The start_single_use_ssh_proxy() function creates a one-shot TCP listener on localhost, accepts a single connection, performs the NSSH1 handshake with the sandbox, then bridges bytes. The run_exec_with_russh() function connects through this local proxy, authenticates, executes the command, and streams channel messages to the gRPC response stream.

If timeout_seconds > 0, the exec is wrapped in tokio::time::timeout. On timeout, exit code 124 is sent (matching the timeout command convention).

File Sync

File sync uses tar-over-SSH: the CLI streams a tar archive through the existing SSH proxy tunnel.
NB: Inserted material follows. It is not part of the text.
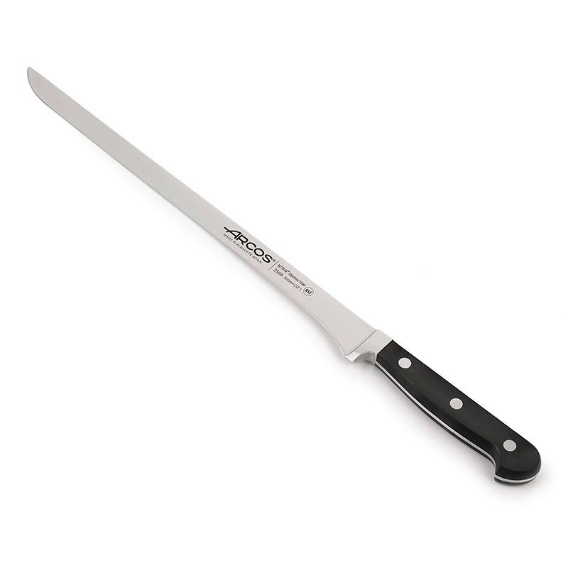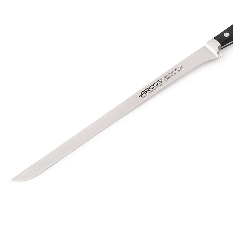 This ham knife has a 300 mm blade and an ergonomic handle that will allow you to easily cut large pieces of ham or meat. It has been manufactured by the Spanish company Arcos, in its forges in Albacete, by experts and with specialised and improved techniques since 1734.

No external dependencies (like rsync) are required on the client side. The sandbox image provides GNU tar for extraction.

Files: crates/openshell-cli/src/ssh.rs, crates/openshell-cli/src/run.rs

sandbox create --upload

When --upload is passed to sandbox create, the CLI pushes local files into /sandbox (or a specified destination) after the sandbox reaches Ready and before any command runs.

  1. git_repo_root() determines the repository root via git rev-parse --show-toplevel
  2. git_sync_files() lists files with git ls-files -co --exclude-standard -z (tracked + untracked, respecting gitignore, null-delimited)
  3. sandbox_sync_up_files() creates an SSH session config, spawns ssh <proxy> sandbox "tar xf - -C /sandbox", and streams a tar archive of the file list to the SSH child's stdin using the tar crate
  4. Files land in /sandbox inside the container

openshell sandbox upload / openshell sandbox download

Standalone commands support bidirectional file transfer:

# Push local files up to sandbox
openshell sandbox upload <name> <local-path> [<sandbox-path>]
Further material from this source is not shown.